Risto Savin (Žalec, July 11, 1859 – Zagreb, December 15, 1948), born Fridrich Širca, was a Slovenian composer. He is one of the composers credited with creating a Slovenian national tradition of opera.

Risto Savin was a pseudonym adopted by Fridrich Širca, a general in the army. He studied composition with Robert Fuchs in Vienna and became notable as one of the composers of Slovenian-language opera.

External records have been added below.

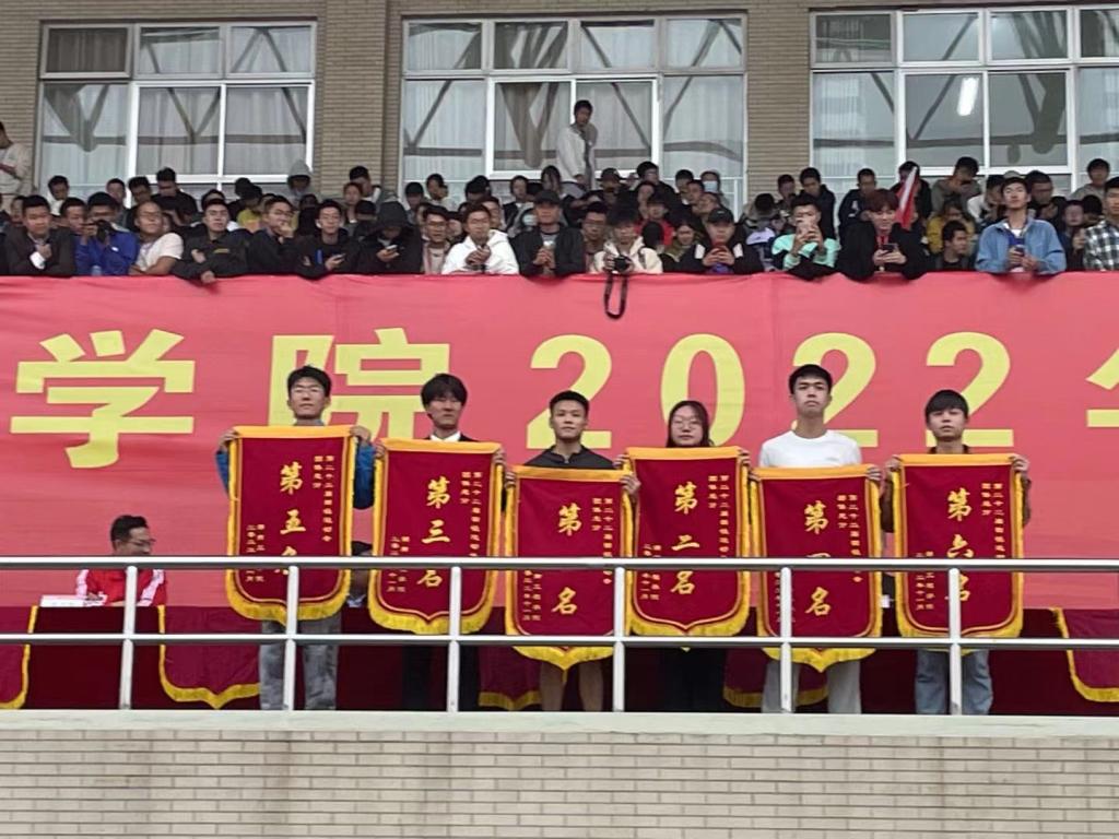 在这次运动会上,运动员奋勇拼搏,抱着永争第一的决心希望为院争得荣誉。看台上,我院学生摇旗呐喊,团结一心,用那饱含激情的呐喊为我院参赛运动员加油助威。场下,我院学生会院干以及志愿者默默为我院做出着贡献,维持秩序、带领运动员检录、打扫会场卫生、搀扶比赛归来的勇士,为他们倒水擦药、搬水搬桌,为我院运动健儿们的后期保障而默默流汗。团委学生会各部门紧密合作,团结努力,运动健儿奋勇拼搏,挥酒汗水,拉拉队团结一心,摇旗呐喊,使我校今年的运动会有序进行。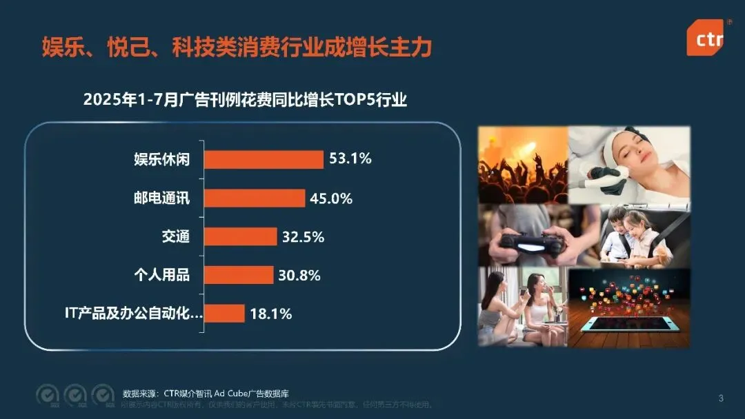 2025 年 1-7 月,广告市场增长动力强劲,娱乐、悦己、科技类消费行业成为核心增长引擎。其中娱乐休闲行业广告刊例花费同比增长 53.1%,邮电通讯行业紧随其后,增幅达 45.0%,交通、个人用品、IT 产品及办公自动化等行业也实现双位数增长,展现出强劲的市场需求。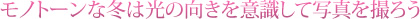 実は、「逆光」で撮ることは、冬に限らずどんな季節であっても、写真をより立体的にメリハリ強く見せる撮影の基本です。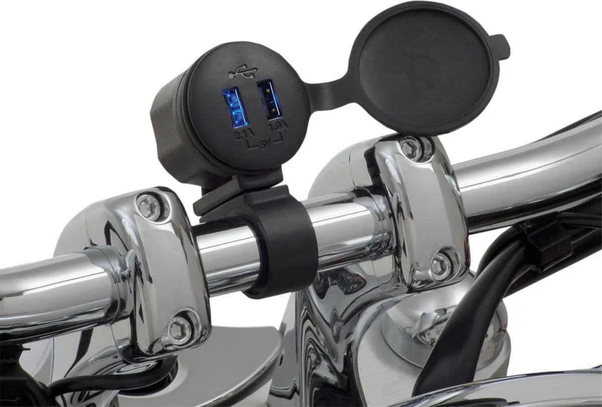 Das Show Chrome Dual-Port-USB-Ladegerät versorgt Ihre Mobilgeräte zuverlässig mit Strom. Es verfügt über einen 2,1-A-Anschluss zum schnellen Laden von Tablets und einen 1,0-A-Anschluss für Smartphones und andere Geräte, sodass Sie beide gleichzeitig nutzen können. Das robuste Design garantiert eine lange Lebensdauer, und dank der kompakten Größe lässt es sich problemlos in Ihr Motorrad-Setup integrieren. Ob auf einer langen Reise oder einem kurzen Arbeitsweg – mit diesem USB-Ladegerät sind Ihre wichtigsten elektronischen Geräte immer einsatzbereit. Die Installation ist kinderleicht: Die mitgelieferte Lenkerklemme passt sowohl für 7/8"- als auch für 1"-Lenker. Die Ladebuchse kann für individuelle Anwendungen auch in eine ebene Platte eingebaut werden. Mit dieser vielseitigen und effizienten USB-Ladelösung sind Ihre Geräte immer mit Strom versorgt.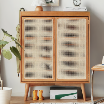 Large Capacity White Oak & Rattan Woven Shoe Cabinet
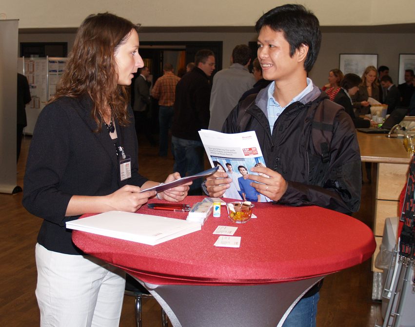 „Ich habe meinen Lebenslauf schon bei einer der Firmen abgegeben“, freute sich Lukasz Lyczkowski. Wie dem polnischen Studenten der Verfahrenstechnik ging es eigentlich fast allen jungen Besuchern: informieren, reden, Kontakte knüpfen und bestenfalls gleich eine Kurzbewerbung über den Stehtisch reichen. Kurzum, die Studierenden setzten zum Sprung ins Berufsleben an.
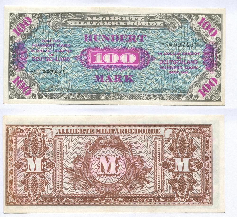 Германия. Оккупационная зона. 100 марок. Pick № 197d # -94997634 нет F в виньетке

His opera Lepa Vida (Lovely Vida, 1907) is one of the Slovenian operas to show the influence of Wagner.
The house where Risto Savin was born in Žalec is now a museum.

==Works==
Operas
- Poslednja straža (Last Watch, 1898)
- Lepa Vida (Pretty Vida, 1907)
- Gosposvetski sen (1921)
- Matija Gubec (1923)

Ballets
- Plesna legendica (1918)
- Čajna punčka (The Tea Girl, 1922)

Songs
- "Pismo" (The Letter, Oton Župančič)
- "To je tako" (Oton Župančič)
- "Svetla noč" (Oton Župančič)
- "Marica" (Oton Župančič)
- "Ljubica, zdaj je dan" (Anton Aškerc)

==Selected recordings==
- Music for cello and piano Grieg, Savin, Martinu, Pucihar Nikolaj Sajko and pianist Miha Haas.